過了年過上元,過了上元開春,雪化了迎雨水,雨水下了驚蟄起雷,年年皆是這麽過來,沒有那年是錯過去的,于是甯翊寰就吃餃子吃元宵喝花茶現在在等着吃青團。
然後自家大姐姐告訴她我們沒錢了,買不起清稻坊的糕點吃了,青團就免了罷。
甯翊寰以她不到十一歲的人生開始思考一個嚴重的問題大姐姐到底怎麽賺錢的?
小姑娘苦着臉思考了半天,最後抱了針線框子來,紮破指頭繡了一幅“風乍起,吹皺一池春水”,巴巴的到自家大姐姐跟前去獻寶“大姐姐我們開個繡坊好不好?”
自家大姐姐正鬧着春困,聞言險些“咕咚”一下從軟榻上栽下來,她眯了眯眼睛,扶着額頭問道“你要做甚麽?”
甯翊寰睜大了眼睛“開繡坊!”
甯翊宸定睛看着眼前的小妹妹,穿一件杏黃折枝春柳的長身襖,膝蓋起漏一段煙柳色軟紋的挑線裙子,頭上梳一對兒圓圓的蝴蝶鬏,拿水晶串了纏着,兩邊各墜一顆東珠,甯翊宸打了個哈欠,道“教葛媽媽把你的鬏鬏打散了,梳一對兒鬟去。”
甯翊寰立馬把開繡坊的事忘了“爲甚麽不能梳鬏鬏?”
甯翊宸支着臉“你又不是七八歲,還整日梳着鬏鬏。”
甯翊寰思考了半天,才琢磨出自家大姐姐話的意思來“我才比大姐姐小一歲多,爲甚麽大姐姐做得生意我就做不得?”
甯翊宸問她“你是打算自己繡呢,還是打算請繡娘呢?”
甯翊寰愣了愣“小寰子自己繡。”
甯翊宸笑道“那若是遇上了大宗的訂單,而且還限時間,那你怎麽辦呢?”
甯翊寰鼓了鼓臉“我找葛媽媽幫忙。”
甯翊宸上前掐了掐自家小妹妹的臉“兩個人就忙的過來了?”
甯翊寰臉苦了苦“那……那我還是請繡娘好了。”
甯翊宸又道“宣平可不比京中,有頭有臉的繡娘可就那麽幾個,若是請了來,甯琛立刻就能順藤摸瓜查到這鋪子是咱們開的,順帶了查了其他的鋪子,你便連下幾個月的新夏衫都做不起了。”
甯琛原本就對女兒家衣裳疏之又疏,顔色瞧着差不多他都分不清是兩件不同的衣裳,是以甯翊宸從來不短着自己和自家妹妹的衣裳穿。
甯翊宸見自家小妹妹一臉懵,覺得這話威懾力不夠,忙将臉一闆“你端午時就連粽子都吃不上了!”甯翊寰一驚,正思索着,便被葛媽媽拖出去重新梳頭了。
小姑娘很郁悶所以,所以到底怎樣才可以吃上青團……
那邊廂甯翊寰鬧着吃不上青團,陸冥之這邊卻是燕齊諧鬧着喝不上酒。
陸冥之“不許喝!”十五歲的少年郎身量抽高了一些,雖隻是着短褐,但也顯得長身玉立,氣度不凡。
燕齊諧皺着臉“你怎麽能這樣呢?你說我一個釀酒壇子旁邊長大的,喝不上酒不是很難受嗎?”
陸冥之一個白眼翻過去“就你一天到晚喝酒跟喝水似的。
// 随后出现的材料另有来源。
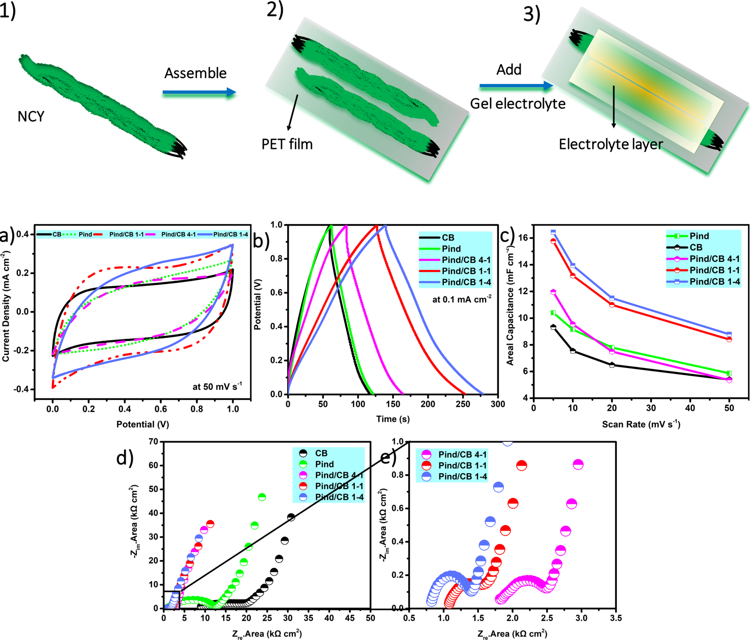 a) ��ͬ��ȵľ�����/̿�ڏͺϼ{���w�S��늵�CV�D��b) GCD�D��c) �ڲ�ͬ���������µı���ݣ�d-e) EIS�D

”
燕齊諧道“不如我自己去釀一壇,埋到鎮遠門牆根地下,等咱們出了宣平,就挖出來喝,你覺得可好?”
陸冥之道“有何不可?”他頓了一頓,“不過現在将軍叫咱們過去,你還是趕緊走路好了,酒的事咱們等會兒再說。”
陸冥之一路推着“啊啊啊啊啊我好想釀酒”的燕齊諧,到了霍三元的帳中,眼見霍三元一臉慈父笑容,燕齊諧趕忙站好,釀酒亂七八糟的就抛到腦後去了。
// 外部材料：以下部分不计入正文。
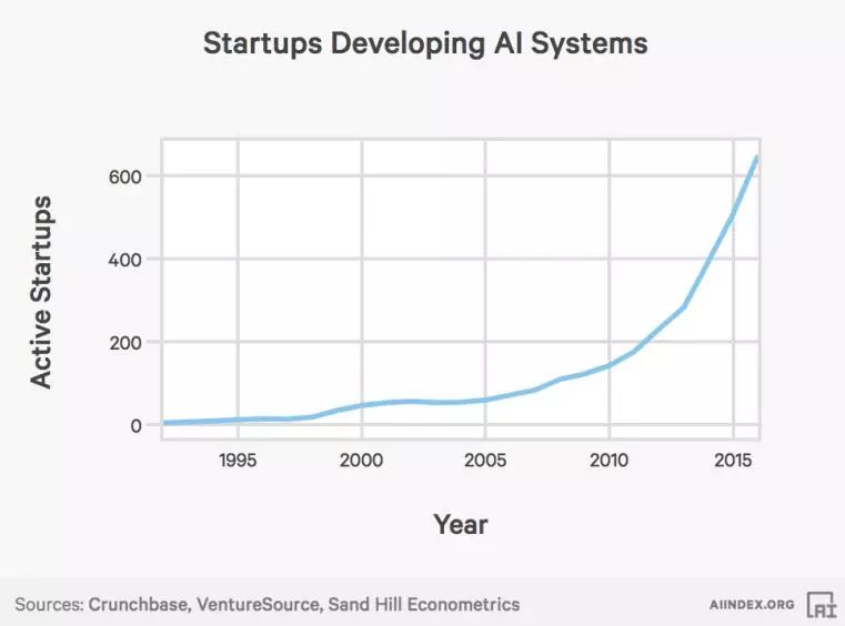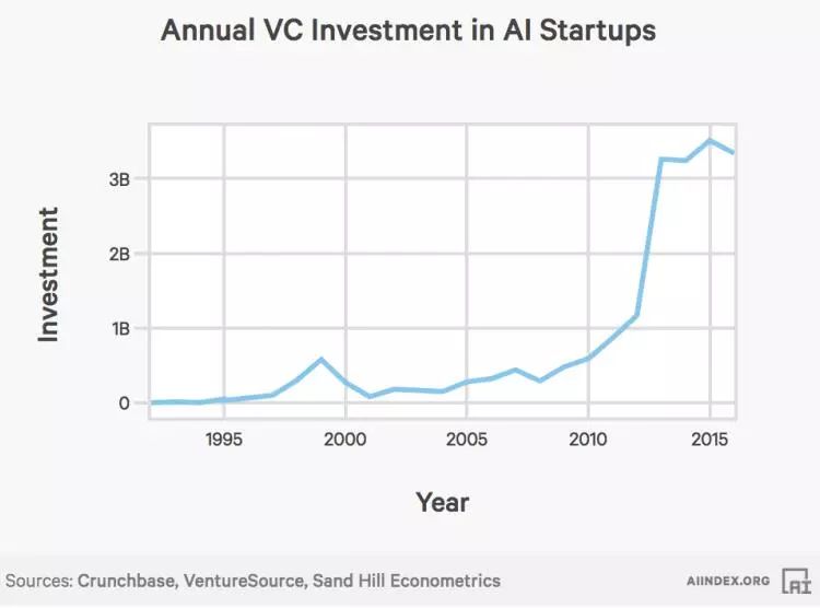 从2000年至今,美国人工智能行业的创业公司数量增加了14倍,从47个增至649个。去年,风投对这一领域的投资金额猛翻6倍,达到35亿美元。

霍三元道“咱們起義軍也是有些時日了,到現在還沒個軍号,我又是個粗人,怕起不好了今後遭人恥笑,你們幾個小子平日猴精猴精的,趕緊幫我想想,究竟起個甚麽名号,才當震懾宣平一衆權貴。”
燕齊諧也不想釀酒了,思索一陣,吊起了書袋子,他微微揚首,一雙桃花眼中波光潋滟,道“說文解字中雲‘昭,日明也。從日召聲。止遙切’如今起義軍這般,取軍号作‘昭’到再合适不過。”
霍三元沒聽明白,陸冥之卻接過口去,道“《詩·大雅·雲漢》也曾說過‘倬彼雲漢,昭回于天’小五定的倒是個好字。”
霍三元繼續沒聽明白,燕齊諧又道“不止呢,《楚辭·大招》中也有此字‘青春受謝,白日昭隻’皆是極好的意象。”
霍三元終于無奈了,對着他們倆哭笑不得“到底是個甚麽意思,你們倆光顧着自己熱鬧,倒也給我說明白些呀!”
燕齊諧笑笑道“簡單來說,就是明亮,光明,彰顯的意思,如今世間黑暗,才當以光明昭之,将軍覺得可好?”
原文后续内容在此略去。